The World Bank’s board of governors on Wednesday elected former Mastercard CEO Ajay Banga to a five-year term as president.
This marks the beginning of a new era in which the organization will be restructured by Mr. Banga to address global challenges such as climate change.
In late February, US President Joe Biden nominated 63-year-old Banga as the sole contender to replace departing World Bank chief David Malpass. Malpass, who is an economist and former US Treasury official that served in the Trump administration, will be succeeded by Banga, who will officially start her new job on June 2.
Biden expressed his congratulations to Banga for his “resounding approval” to lead the World Bank, which he hailed as one of the most crucial institutions for reducing poverty and promoting global prosperity.

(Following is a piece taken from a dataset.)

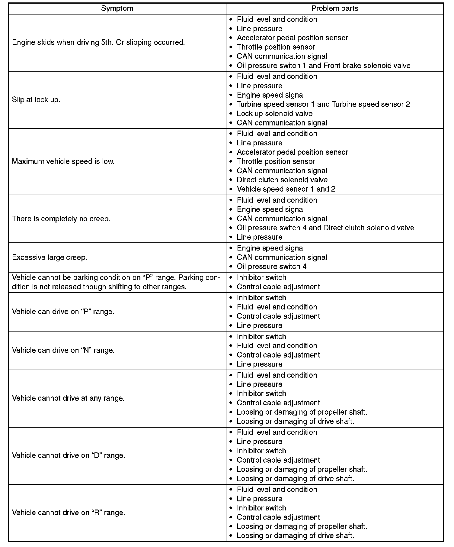 General Diagnostic Table

“Ajay Banga will be a transformative leader, bringing expertise, experience, and innovation to the position of World Bank President,” Biden said. “He will help steer the institution as it evolves and expands to address global challenges that directly affect its core mission of poverty reduction — including climate change,” he said.
According to Treasury Secretary Janet Yellen, Banga possesses the appropriate leadership and management abilities required for the role, and he will be instrumental in implementing further reforms, such as creating collaborations between the public and private sectors as well as non-profit organizations.

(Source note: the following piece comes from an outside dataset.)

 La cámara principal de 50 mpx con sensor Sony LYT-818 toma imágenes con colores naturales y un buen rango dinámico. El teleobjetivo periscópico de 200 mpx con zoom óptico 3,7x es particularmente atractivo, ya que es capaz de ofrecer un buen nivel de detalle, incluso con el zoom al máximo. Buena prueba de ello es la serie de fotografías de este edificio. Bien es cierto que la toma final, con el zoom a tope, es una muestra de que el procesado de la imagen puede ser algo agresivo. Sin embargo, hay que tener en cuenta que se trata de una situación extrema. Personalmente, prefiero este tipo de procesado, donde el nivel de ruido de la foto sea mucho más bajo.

“Ajay understands that the challenges we face – from combatting climate change, pandemics, and fragility to eliminating extreme poverty and promoting shared prosperity – are deeply intertwined. He has effectively built a broad global coalition around his vision for the Bank over the course of his candidacy,” Yellen said in a statement.
Since its inception at the end of World War II, the World Bank has been headed by an American, while a European has traditionally led the International Monetary Fund.
Banga, who was born in India and spent his early career there, has been a US citizen since 2007.
He has reportedly held meetings with representatives from 96 governments since his nomination. He embarked on a three-week global tour to engage with government officials, business leaders, and civil society groups, visiting eight countries and covering a total distance of 39,546 miles (63,643 km).